AP — Facebook prematurely turned off safeguards designed to thwart misinformation and rabble-rousing after Joe Biden defeated Donald Trump in last year’s US elections in a moneymaking move that a company whistleblower alleges contributed to the deadly Jan. 6 invasion of the US Capitol.
The whistleblower, former Facebook product manager Frances Haugen, also asserted during an exclusive interview that aired Sunday on CBS’ “60 Minutes” that a 2018 change to the content flow in Facebook’s news feeds contributed to more divisiveness and ill will in a network ostensibly created to bring people closer together.
Despite the enmity that the new algorithms were feeding, Facebook found that they helped keep people coming back — a pattern that helped the Menlo Park, California, company sell more of the digital ads that generate most of its advertising.
“The thing I saw at Facebook over and over again was there were conflicts of interest between what was good for the public and what was good for Facebook,” said Haugen, who joined Facebook in 2019 after working at other Silicon Valley companies such as Google and Pinterest. “And Facebook, over and over again, chose to optimize for its own interests, like making more money.”

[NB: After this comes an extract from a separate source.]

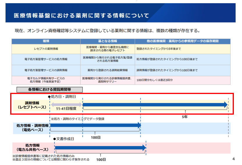 オンライン資格確認で閲覧できる薬剤情報は、レセプト情報をベースとしています。レセプトは診療月の翌月10日に医療機関から保険者に提出され、審査を経て支払基金や国保連合会のデータベースに登録されます。そのため、実際の処方から情報が参照可能になるまでに、最長で1ヶ月と10日程度のタイムラグが発生します。

Facebook’s annual revenue has more than doubled from $56 billion in 2018 to a projected $119 billion this year, based on the estimates of analysts surveyed by FactSet. Meanwhile, the company’s market value has soared from $375 billion at the end of 2018 to nearly $1 trillion now.

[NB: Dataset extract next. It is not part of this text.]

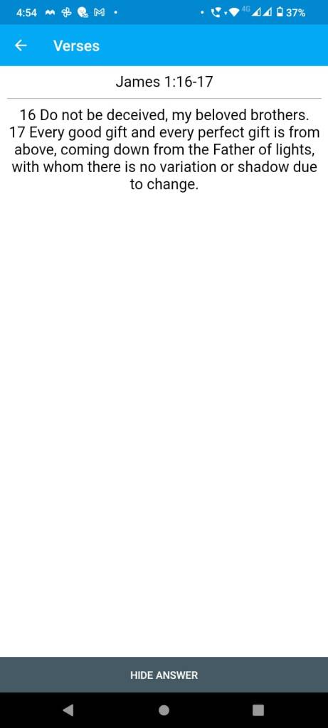 This is an additional reason that I really like Anki. Like I said, last year my son was born. That knocked my Anki habit off for a good while! I didn’t learn any new stuff, or really review much at all, for about a month; and it took me about six months to get properly back on the Scripture memorisation train. Now, if I was learning Scripture without an app and had a six-month break, it would be back to the drawing board. I wouldn’t be able to remember what I knew and what I didn’t, and would just have to go over everything.

Even before the full interview came out, a top Facebook executive was deriding the whistleblower’s allegations as “misleading.”

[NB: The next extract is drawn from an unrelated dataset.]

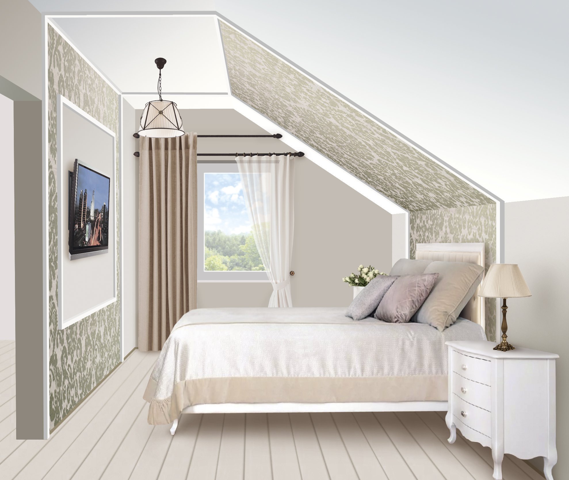 Уютная спальная на чердаке

“Social media has had a big impact on society in recent years, and Facebook is often a place where much of this debate plays out,” Nick Clegg, the company’s vice president of policy and public affairs wrote to Facebook employees in a memo sent Friday. “But what evidence there is simply does not support the idea that Facebook, or social media more generally, is the primary cause of polarization.”
The “60 Minutes” interview intensifies the spotlight already glaring on Facebook as lawmakers and regulators around the world scrutinize the social networking’s immense power to shape opinions and its polarizing effects on society.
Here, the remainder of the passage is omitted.